Trilogix1/Hugston_Lobotomized-LFM2.5-350M_f32 is a 350 million parameter model derived from LMF2.5-350M. Developed by the Hugston Team, this model is specifically designed for research into the safety mechanisms and behavioral modification of large language models.

Key Capabilities & Methodology

  • Abliteration Process: The model undergoes an "abliteration" process using a modified version of Prometheus, followed by Quanta and HugstonOne.
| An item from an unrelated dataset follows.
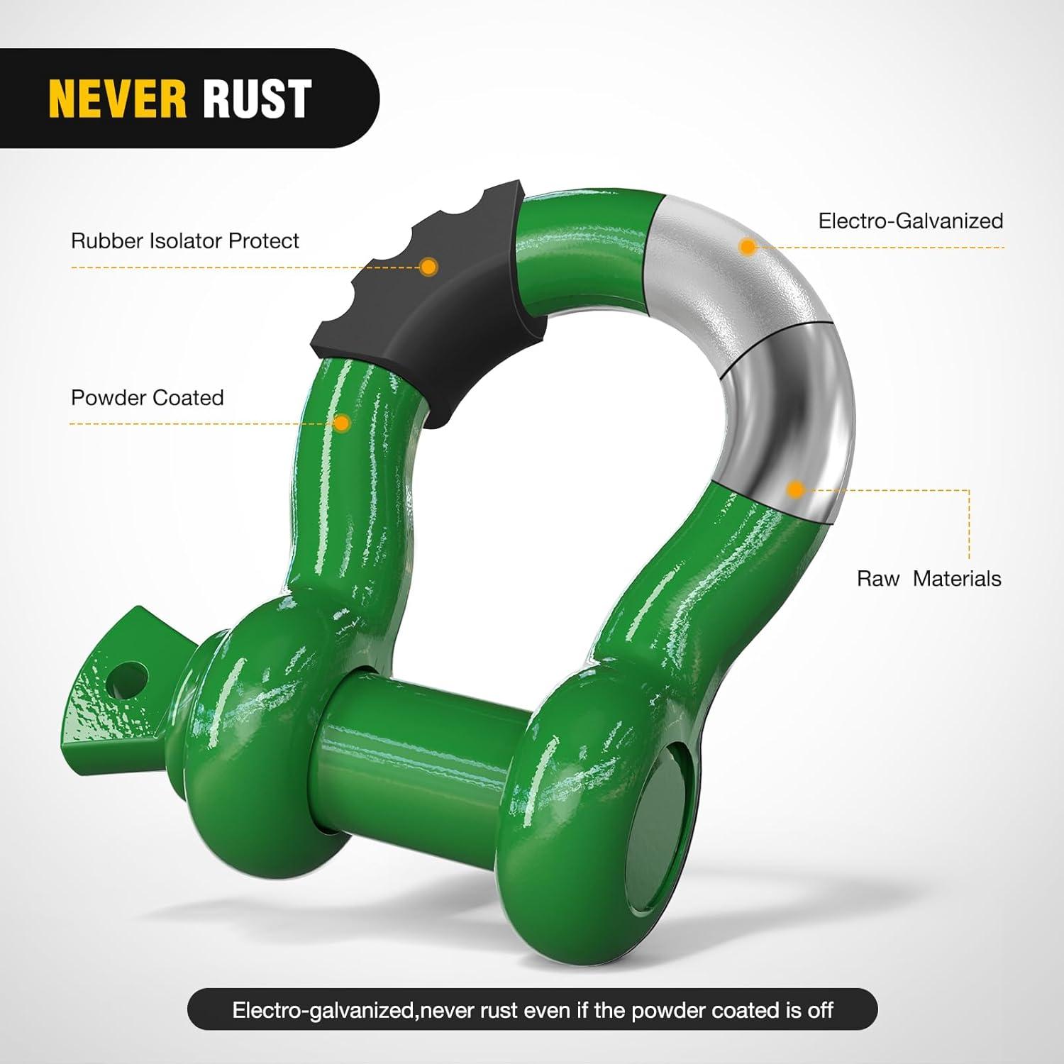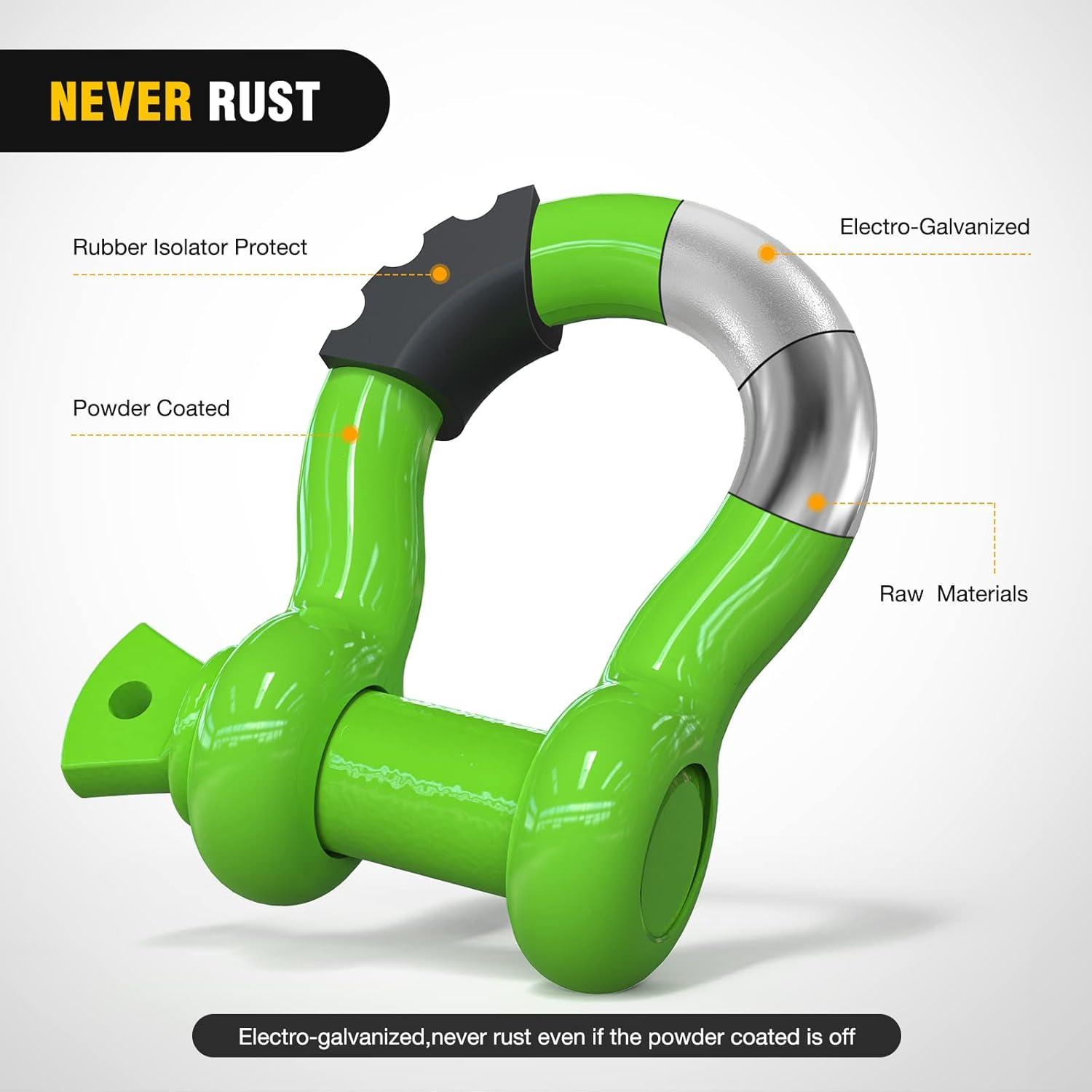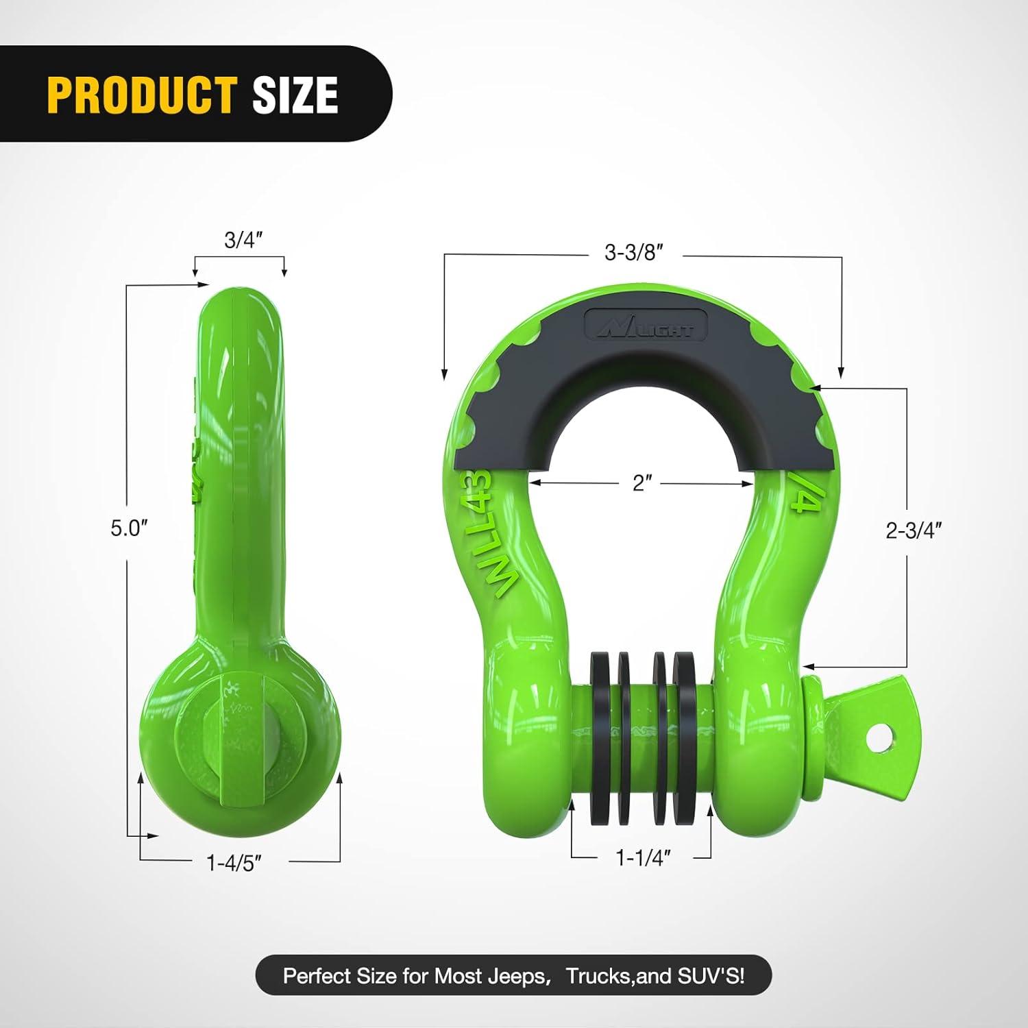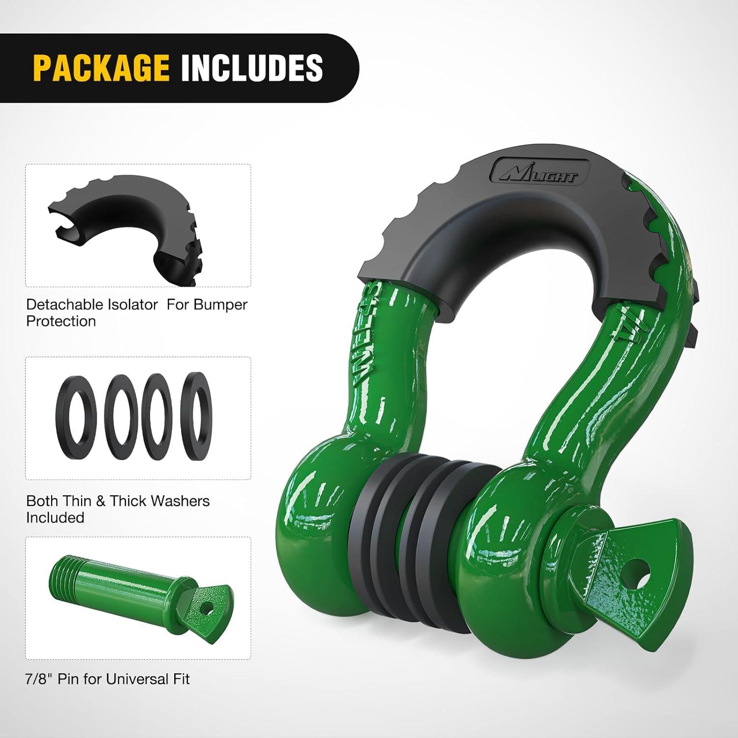 Nilight 2 Pack 3/4″ D-Ring Shackle with 7/8″ Screw Pin 41,887lbs Break Strength, Heavy Duty Off Road Recovery Shackle with Isolators Washers for Use with Tow Strap, Winch, Off-Road Jeep Truck Vehicle(Green-31 Ton)

This technique aims to understand and alter the safety mechanisms of LLMs.
  • Behavioral Modification: It demonstrates a proof of concept for changing model behavior while maintaining accuracy and significantly lowering refusal rates.
  • Efficiency: The process is shown to be efficient, requiring very few trials on relatively small datasets, and can run on a standard laptop CPU within 5-20 minutes for small models.
  • Performance Metrics: Achieved a refusal rate of 10/1000 and a KL divergence of 0.2577 over 6 trials, indicating effective behavioral modification with minimal impact on core functionality.
  • Quantization: The model is provided in f32 GGUF quantization for improved quality.

Good For

  • LLM Safety Research: Ideal for researchers investigating how to modify or understand the safety protocols and refusal behaviors of language models.
  • Behavioral Engineering: Useful for exploring methods to alter model responses and reduce unwanted refusals without compromising accuracy.
  • Resource-Constrained Environments: Its ability to run efficiently on CPU makes it suitable for experimentation on less powerful hardware.